**Instructions to follow:** Leave the pictures out. Retype exactly the lines below from the one containing "Picasso’s boarded-up west-side" through the one containing "These block heel", and no others.

**Material provided:**
[Start of Attachment]

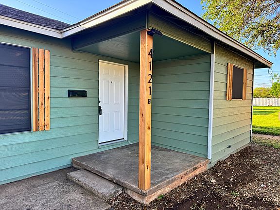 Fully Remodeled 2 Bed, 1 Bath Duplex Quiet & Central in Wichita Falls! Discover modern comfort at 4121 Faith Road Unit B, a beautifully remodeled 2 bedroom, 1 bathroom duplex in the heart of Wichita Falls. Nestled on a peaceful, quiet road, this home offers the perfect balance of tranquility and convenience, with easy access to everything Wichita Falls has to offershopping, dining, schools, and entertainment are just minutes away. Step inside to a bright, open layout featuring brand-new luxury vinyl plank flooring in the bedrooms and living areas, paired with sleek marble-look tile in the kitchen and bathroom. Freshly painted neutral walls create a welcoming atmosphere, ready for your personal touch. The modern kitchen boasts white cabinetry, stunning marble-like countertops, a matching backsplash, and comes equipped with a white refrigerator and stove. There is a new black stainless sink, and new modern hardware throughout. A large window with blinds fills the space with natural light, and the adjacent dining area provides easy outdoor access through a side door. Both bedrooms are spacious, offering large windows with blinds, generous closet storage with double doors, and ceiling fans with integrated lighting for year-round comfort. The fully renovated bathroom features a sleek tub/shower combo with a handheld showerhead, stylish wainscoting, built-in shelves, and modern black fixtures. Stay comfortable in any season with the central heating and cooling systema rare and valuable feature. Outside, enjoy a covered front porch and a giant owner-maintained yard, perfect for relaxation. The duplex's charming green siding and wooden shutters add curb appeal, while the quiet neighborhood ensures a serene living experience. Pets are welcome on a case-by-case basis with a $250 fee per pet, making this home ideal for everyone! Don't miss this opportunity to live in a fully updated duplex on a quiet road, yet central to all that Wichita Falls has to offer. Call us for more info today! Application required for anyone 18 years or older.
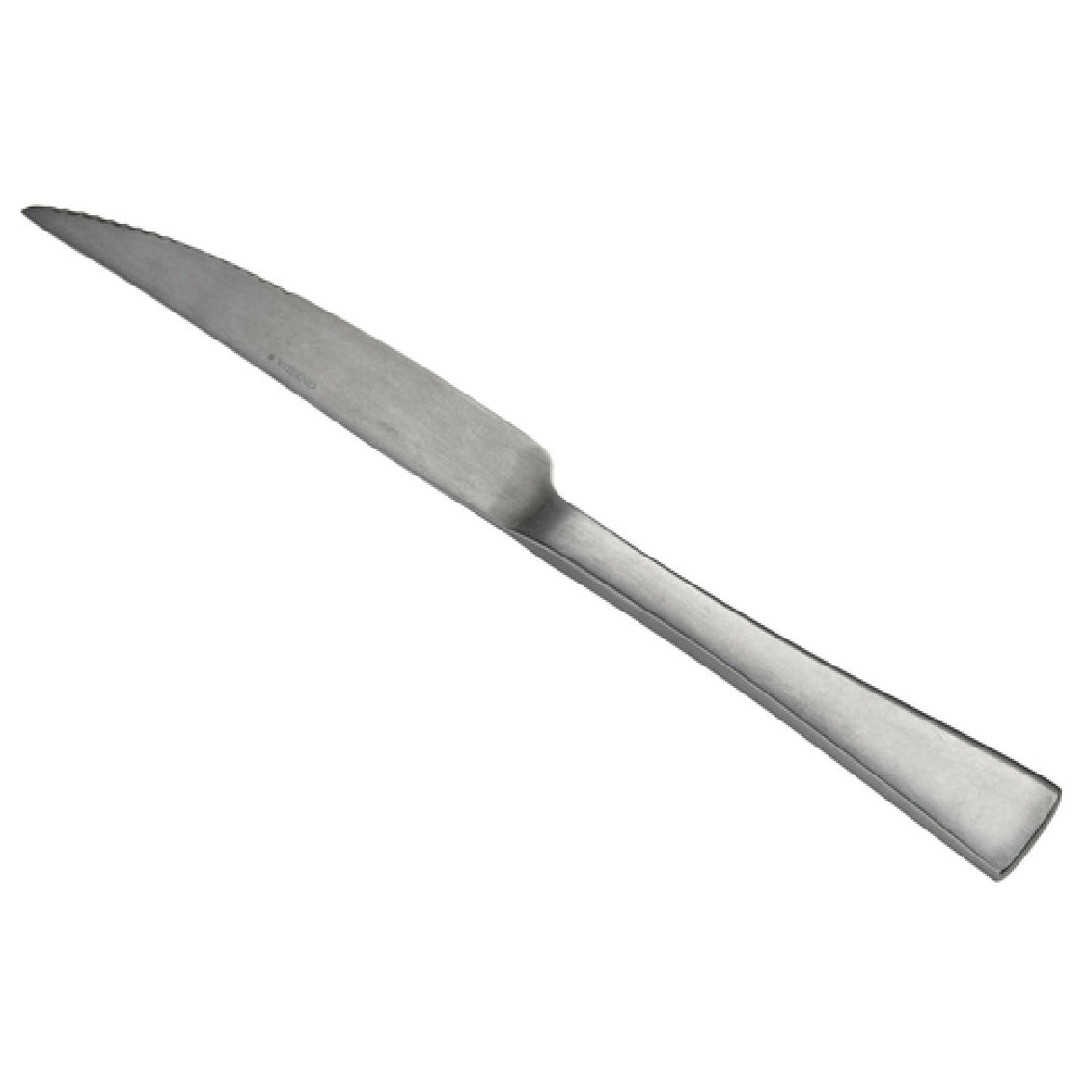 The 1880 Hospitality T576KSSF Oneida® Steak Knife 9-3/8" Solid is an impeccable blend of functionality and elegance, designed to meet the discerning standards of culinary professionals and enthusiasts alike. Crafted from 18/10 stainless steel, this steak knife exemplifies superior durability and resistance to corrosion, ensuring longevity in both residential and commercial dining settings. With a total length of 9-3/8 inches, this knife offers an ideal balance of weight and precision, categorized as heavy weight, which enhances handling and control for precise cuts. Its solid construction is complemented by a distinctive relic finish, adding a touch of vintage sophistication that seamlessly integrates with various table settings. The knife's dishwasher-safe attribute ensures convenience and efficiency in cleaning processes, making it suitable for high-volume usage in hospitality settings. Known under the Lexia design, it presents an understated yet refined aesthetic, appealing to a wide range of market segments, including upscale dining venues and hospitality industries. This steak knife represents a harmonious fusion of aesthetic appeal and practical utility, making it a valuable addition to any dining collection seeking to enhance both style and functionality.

[End of Attachment]
[Start of Attachment]

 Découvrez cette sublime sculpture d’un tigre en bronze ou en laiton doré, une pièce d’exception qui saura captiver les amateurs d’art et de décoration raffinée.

[End of Attachment]
[Start of Attachment]

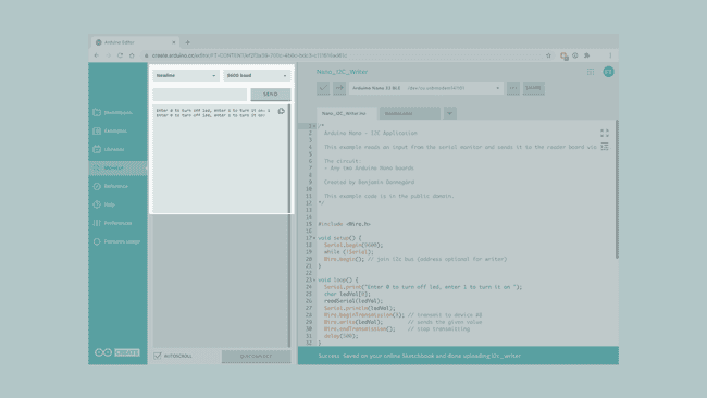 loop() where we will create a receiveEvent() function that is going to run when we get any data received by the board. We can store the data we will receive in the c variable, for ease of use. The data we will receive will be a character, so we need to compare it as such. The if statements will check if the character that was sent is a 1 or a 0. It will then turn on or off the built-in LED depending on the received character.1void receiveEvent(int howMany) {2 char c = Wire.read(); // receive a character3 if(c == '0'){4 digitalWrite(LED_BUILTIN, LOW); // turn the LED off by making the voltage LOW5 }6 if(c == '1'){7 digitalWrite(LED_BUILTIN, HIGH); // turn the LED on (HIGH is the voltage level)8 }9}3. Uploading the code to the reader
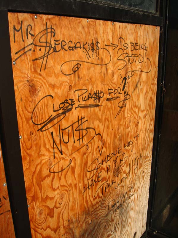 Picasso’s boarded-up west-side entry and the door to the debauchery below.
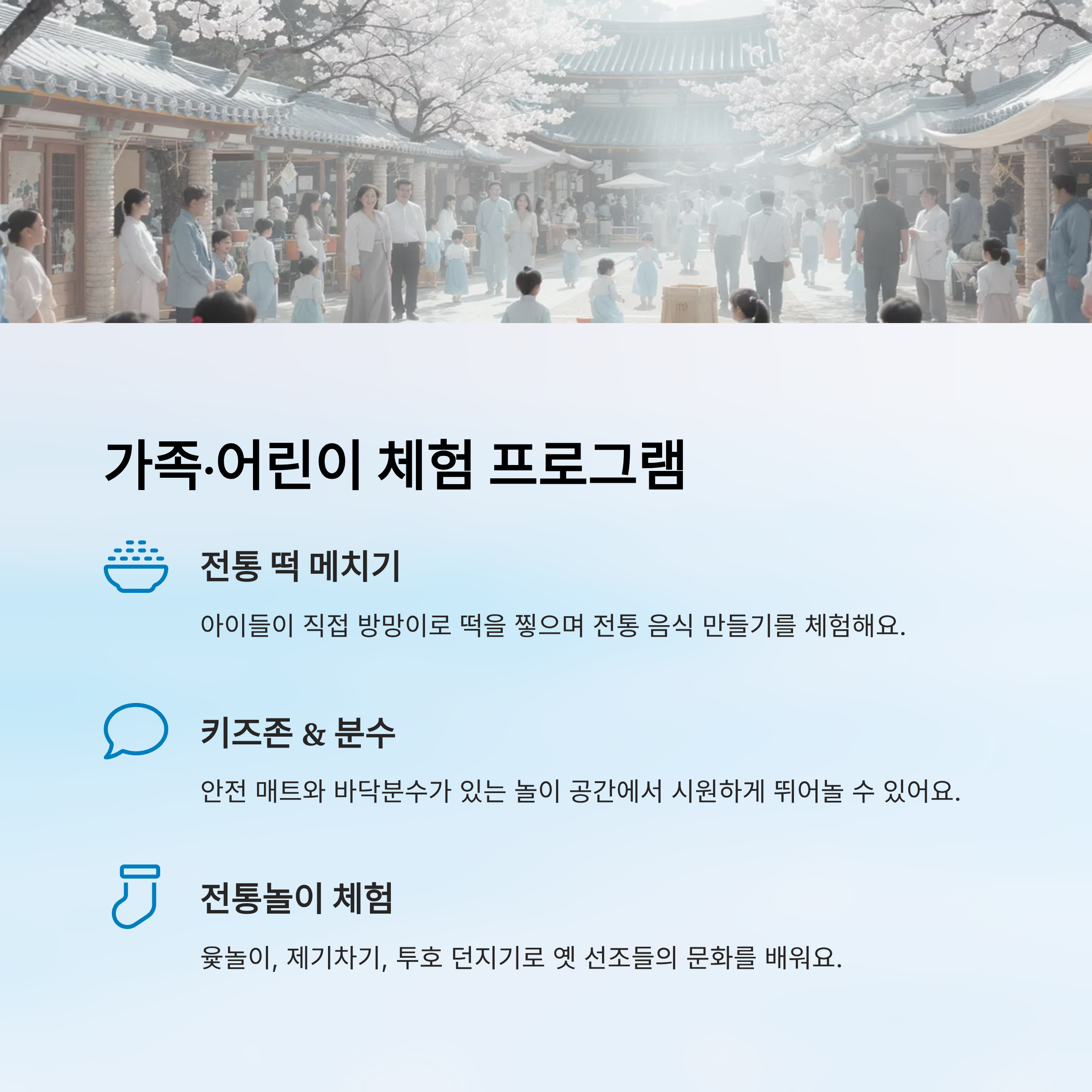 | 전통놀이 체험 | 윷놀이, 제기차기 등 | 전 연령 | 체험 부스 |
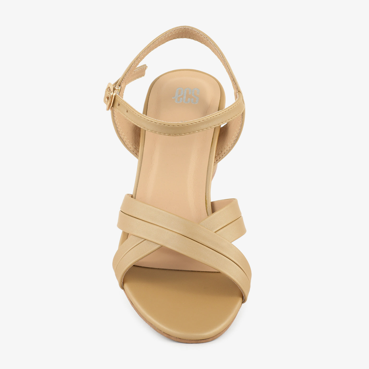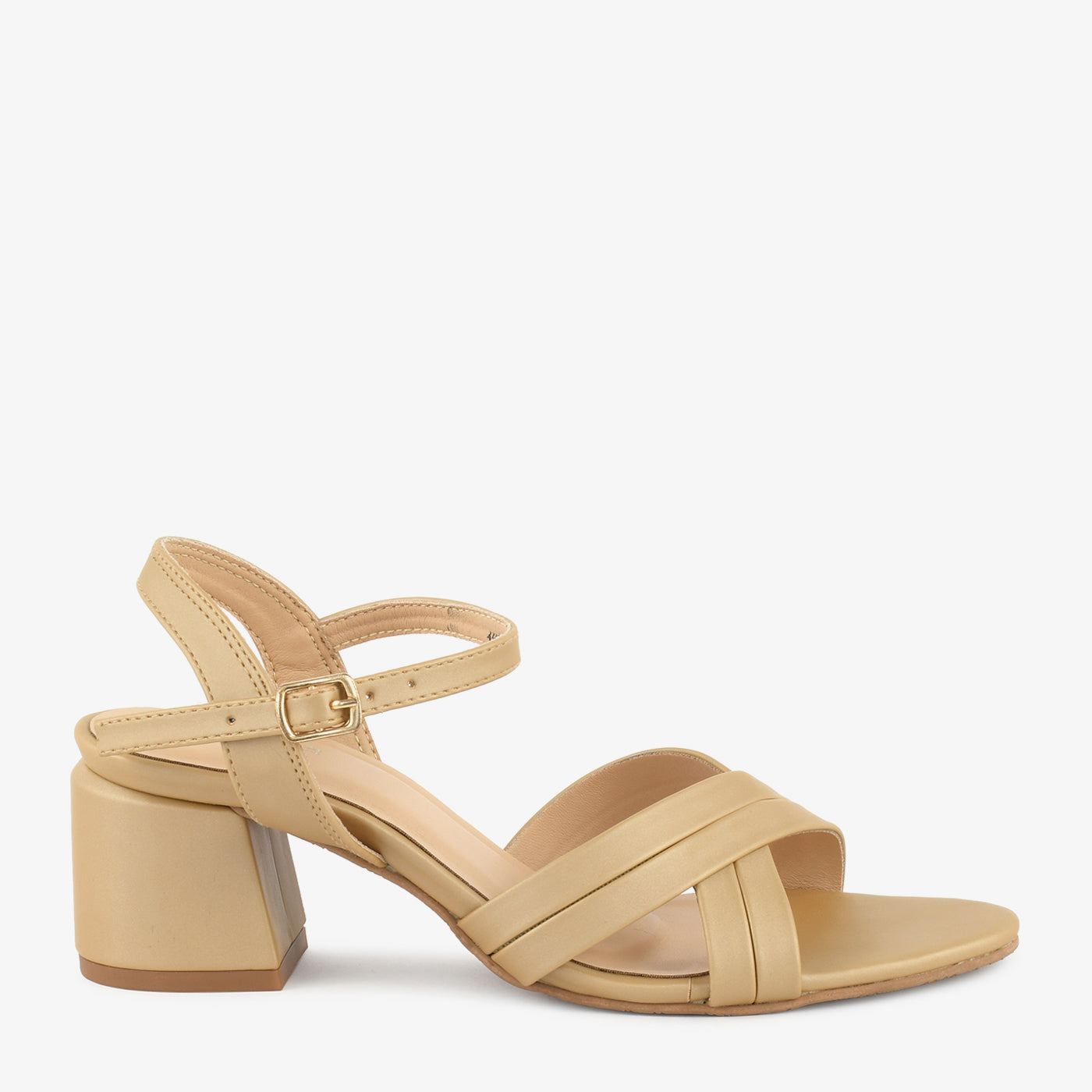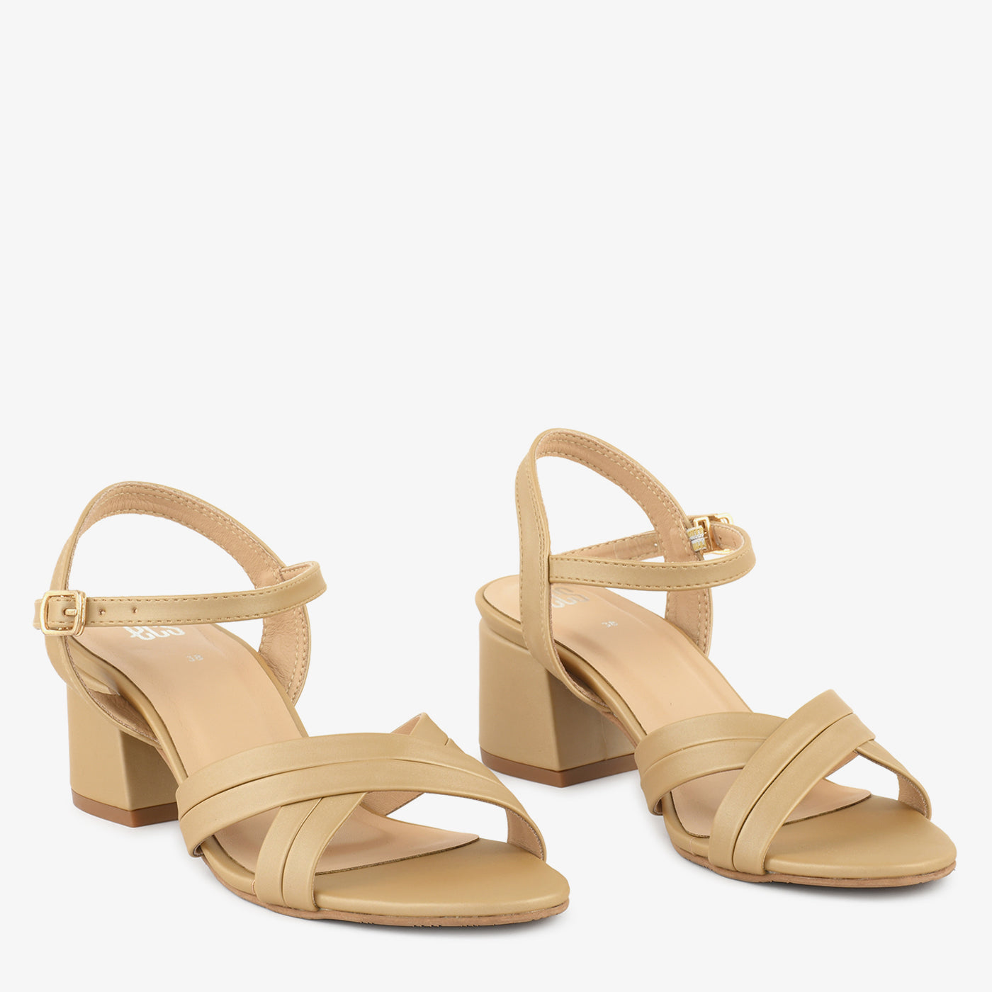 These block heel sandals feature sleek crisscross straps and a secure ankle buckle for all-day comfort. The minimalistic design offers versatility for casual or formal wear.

[End of Attachment]

**Task output:**
 Picasso’s boarded-up west-side entry and the door to the debauchery below.
 | 전통놀이 체험 | 윷놀이, 제기차기 등 | 전 연령 | 체험 부스 |
 These block heel sandals feature sleek crisscross straps and a secure ankle buckle for all-day comfort. The minimalistic design offers versatility for casual or formal wear.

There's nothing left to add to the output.